At present, SAR images from same source are widely used in the field of sea ice drift tracking. Due to the longer revisit time of homologous spaceborne satellites, only an average velocity can be determined. For longer time intervals, velocities due to short-duration events such as storms are lost.
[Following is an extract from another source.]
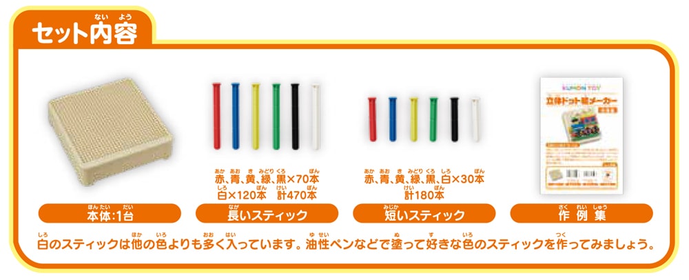 ■セット内容:本体:1台 長いスティック:470本(白×120本、赤・青・緑・黄・黒×70本)、短いスティック180本(各色×30本)、作例集:1部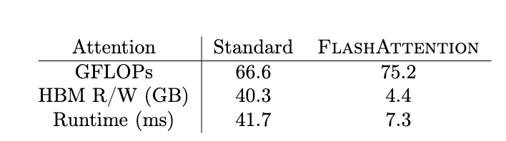 위의 기법을 통해 GFLOPs의 수는 늘어났지만 HBM에 대한 R/W가 획기적으로 줄면서 전체적인 학습과 추론 시간이 획기적으로 단축된 것을 볼 수 있다.

Synthetic Aperture Radar (SAR) images from different sources make it easy to construct image sequences with short time intervals. However, the resolution and noise level between non-homologous SAR image pairs often differ greatly. When there is a relatively large resolution difference between image pairs, the areal features between image pairs are very different, which increases the difficulty of feature registration. In this paper, a super-resolution reconstruction method is proposed to solve the problem of resolution difference between image pairs for sea ice drift. This method can significantly improve the quality of feature registration of image pairs from different SAR sensors. We demonstrate through several examples the effectiveness of the method in feature matching of large resolution difference images from different SAR sensors.
海冰漂移跟踪的大分辨率差非同源SAR图像对特征配准
目前,同源SAR图像被广泛应用于海冰漂移跟踪领域。由于同类星载卫星重访时间较长,只能确定平均速度。在较长的时间间隔内,由于短时间事件(如风暴)造成的速度会丢失。不同来源的合成孔径雷达(SAR)图像便于构建时间间隔较短的图像序列。然而,非同源SAR图像对之间的分辨率和噪声水平往往相差很大。当图像对之间的分辨率差异较大时,图像对之间的面特征差异很大,这增加了特征配准的难度。针对海冰漂移图像对分辨率差异问题,提出了一种超分辨率重建方法。该方法可以显著提高不同SAR传感器图像对的特征配准质量。通过实例验证了该方法在不同SAR传感器大分辨率差分图像特征匹配中的有效性。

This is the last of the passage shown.